- Raw data:

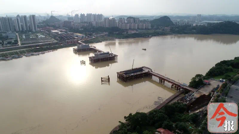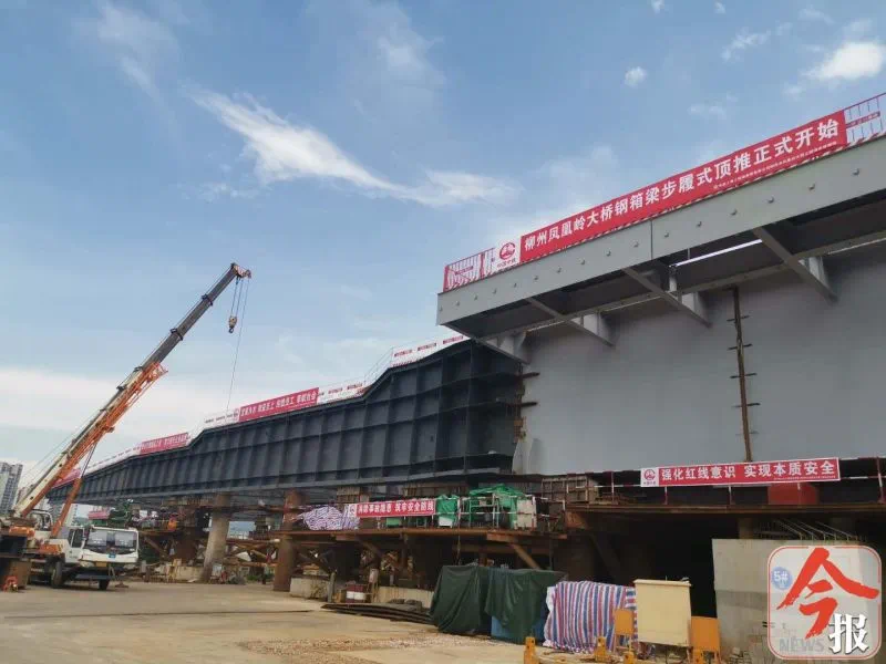 7月1日,柳州市凤凰岭大桥开始架梁,大桥钢箱梁采用的是步履式顶推。凤凰岭大桥为独特的风雨桥造型,也是世界上跨径较大、体量较大的跨江风雨桥。大桥主桥长700米,顶推单跨较大跨度为130米,这也是世界上跨径较大、单次顶进行程较大的步履式顶推方式。
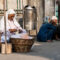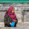 Outside the mosque, old women sell bags of pigeon-food.
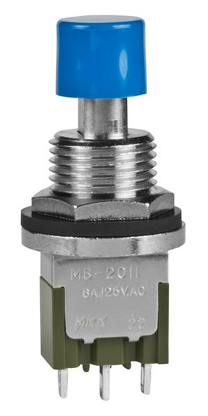 MB2011SB3W01-CG: Pushbutton Switches ON(ON) 12MM SPLSHPRF BSHG SLDR.39 BLU CAP

- Problem to work on: Your answer should contain all the material above, written out exactly, and none of the pictures.

- Task solution:
 7月1日,柳州市凤凰岭大桥开始架梁,大桥钢箱梁采用的是步履式顶推。凤凰岭大桥为独特的风雨桥造型,也是世界上跨径较大、体量较大的跨江风雨桥。大桥主桥长700米,顶推单跨较大跨度为130米,这也是世界上跨径较大、单次顶进行程较大的步履式顶推方式。
 Outside the mosque, old women sell bags of pigeon-food.
 MB2011SB3W01-CG: Pushbutton Switches ON(ON) 12MM SPLSHPRF BSHG SLDR.39 BLU CAP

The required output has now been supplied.